# The Snowpipe Streaming SDK: Channels, Offset Tokens, and Exactly-Once Ingest

For most of Snowflake's life, "loading data" meant the same dance: write your rows into files, drop the files on a stage, and let `COPY` or file-based Snowpipe ingest them. It's a great model for batch — and a terrible one for an event stream, where you either buffer rows into files (and accept minutes of latency plus a swarm of tiny files) or fight the small-files problem forever. **Snowpipe Streaming** deletes the files entirely: a client SDK opens a connection to a table and appends rows over the network, and Snowflake makes them queryable within seconds. No stage, no `COPY`, no file management. This is the developer's-eye view of that SDK — the concepts that make it exactly-once and the patterns that make it fast.

Two concepts carry the whole model, so I'll put them up front: a **channel** is a streaming connection to one table and the unit of ordering and parallelism; an **offset token** is a marker you attach to your data so that after any crash you can ask Snowflake "what's the last thing you committed?" and resume exactly there. Channels give you throughput; offset tokens give you exactly-once. Everything else is detail.

## Why files were the bottleneck

```mermaid
graph TD
    subgraph FILE["File-based Snowpipe"]
        P1["Producer buffers rows"] --> F1["Write files to a stage"]
        F1 --> F2["Snowpipe detects + COPY"]
        F2 --> T1[("Table — minutes later,many small files")]
    end
    subgraph STREAM["Snowpipe Streaming"]
        P2["Producer (SDK)"] --> CH["open channel to table"]
        CH --> RR["insert rows over network"]
        RR --> T2[("Table — seconds later,no files, columnar server-side")]
    end
          
```

The shift. File-based Snowpipe makes you serialize rows into files on a stage, then waits for detection and a COPY — minutes of latency and a small-files problem to manage. Snowpipe Streaming's SDK opens a channel and appends rows directly over the network; Snowflake handles the columnar conversion server-side and the rows are queryable in seconds. For a continuous event stream, the file step was always the wrong abstraction.

## Channels: the unit of ordering and parallelism

A **channel** is a logical, ordered connection from one client to one table.
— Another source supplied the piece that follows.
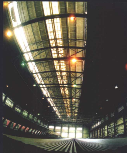
通钢集团型钢连轧生产线

Rows you insert on a channel are committed in order, and a channel is owned by exactly one writer at a time. This gives you two things at once. **Ordering**: within a channel, order is preserved — so if you map one source partition (a Kafka partition, a shard, a device) to one channel, that source's events stay in order. **Parallelism**: you scale throughput by opening *many* channels — to the same table or across tables — and writing to them concurrently, the same way you'd use many partitions. The design question for any Snowpipe Streaming app is "what's my channel key?" — usually it mirrors your upstream partitioning so ordering and parallelism line up.

## Offset tokens: exactly-once, by reconciliation

This is the concept people most often skip and most often regret skipping. Each channel persists, on the Snowflake side, the **latest offset token** it has durably committed. An offset token is just a string *you* supply that marks a position in your source (a Kafka offset, a sequence number, a file+line). The contract is simple and powerful: when you (re)open a channel, you can read back the last committed token, and you replay your source *from just after it*. So:

- If your producer crashes after inserting rows but before you recorded success, the rows may or may not have committed — but on restart you ask the channel for its latest committed token, and you know exactly where to resume.

- Because you resume from the committed position, you never skip rows (no loss) and never re-insert already-committed rows (no duplicates) — **exactly-once**, achieved by reconciliation rather than by distributed transactions.

```mermaid
graph TD
    START["Producer (re)starts"]
    GET["Open channel,read latest committed offset token"]
    SEEK["Seek source to token + 1"]
    SEND["insert rows with new offset tokens"]
    POLL["Poll: latest committed token advances"]
    CRASH["Crash anytime?"]
    START --> GET --> SEEK --> SEND --> POLL
    POLL --> SEND
    CRASH -.->|"resume safely"| GET
          
```

The exactly-once loop. On every start (including after a crash), the producer reads the channel's latest committed offset token, seeks its source to just past that point, and resumes inserting — tagging rows with new tokens as it goes. Because the resume point is always the durably-committed token, no row is skipped or duplicated. The offset token is the entire mechanism; without it you get at-least-once and must dedup downstream.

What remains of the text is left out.